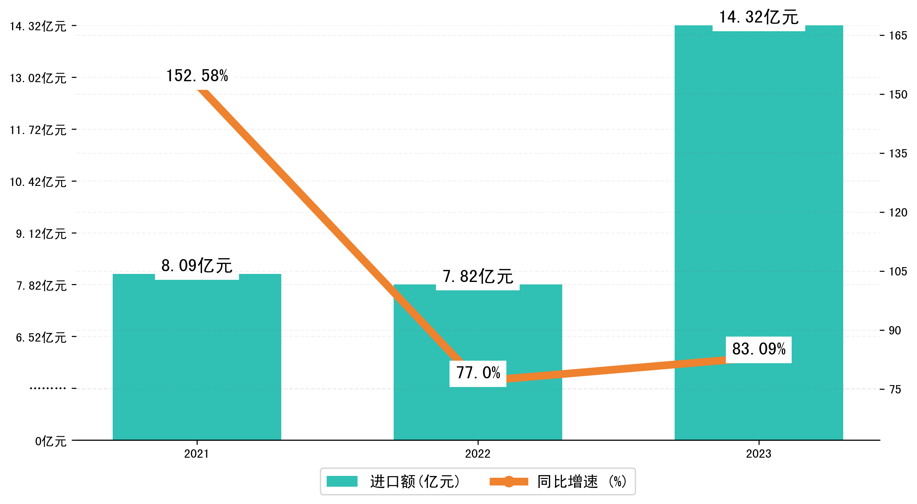 以美元计,2023年1-4月常德市进口额为2,0832.1073万美元,相比上年同期增加了8564.8843万美元,同比增加69.80%。
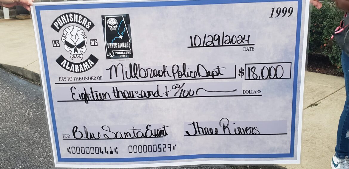 However, Tuesday night the funds to help pay for those presents got a tremendous boost in the form of $18,000 from the Punishers LEMC Three Rivers Chapter. The Punishers organization is an international motorcycle club made up of police officers, military, first responders or like-minded individuals. Members arrived at Millbrook Police Station to deliver the check in person to Chief P.K. Johnson.
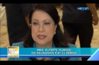 PANACAN, Davao City (Eagle News) — Humingi ng paumanhin si Pangulong Rodrigo Roa Duterte kay Chief Justice Maria Lourdes Sereno sa mga binitiwan niyang salita. Sa isang press conference sa Panacan, Davao City. Sinabi ng pangulo na hindi niya intensyon ang mga masasakit na salita na kaniyang binitiwan. Aniya may nangyayaring patayan dahil sa ilegal na droga at trabaho niyang bigyang-kaalaman ang publiko sa kanilang paligid upang maka-iwas sa anu-mang panganib. Una rito, pinuna ng […]
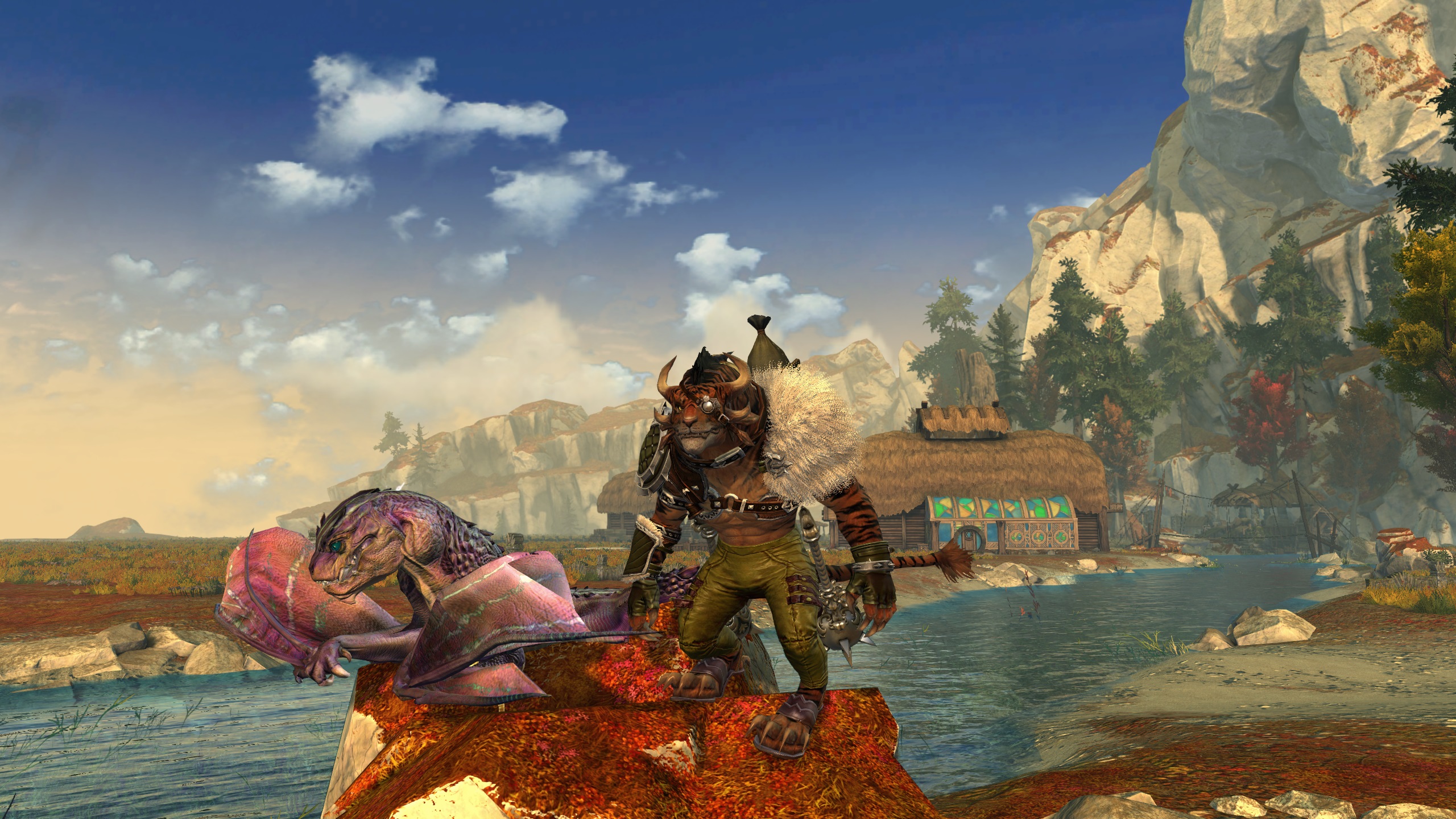 The charr are a feline race native to the land of Tyria, who live in a militaristic society. They are nominally split into four Legions, the Blood, Ash, Iron, and Flame legions, each with their own specialty. You can find more information about Charr at the GW2 Wiki.

◆ **Exercise requirements**:
Up to and including the line containing "However, Tuesday night", repeat every line from the start of the data, but none of the pictures.

◆ **Task answer**:
 以美元计,2023年1-4月常德市进口额为2,0832.1073万美元,相比上年同期增加了8564.8843万美元,同比增加69.80%。
 However, Tuesday night the funds to help pay for those presents got a tremendous boost in the form of $18,000 from the Punishers LEMC Three Rivers Chapter. The Punishers organization is an international motorcycle club made up of police officers, military, first responders or like-minded individuals. Members arrived at Millbrook Police Station to deliver the check in person to Chief P.K. Johnson.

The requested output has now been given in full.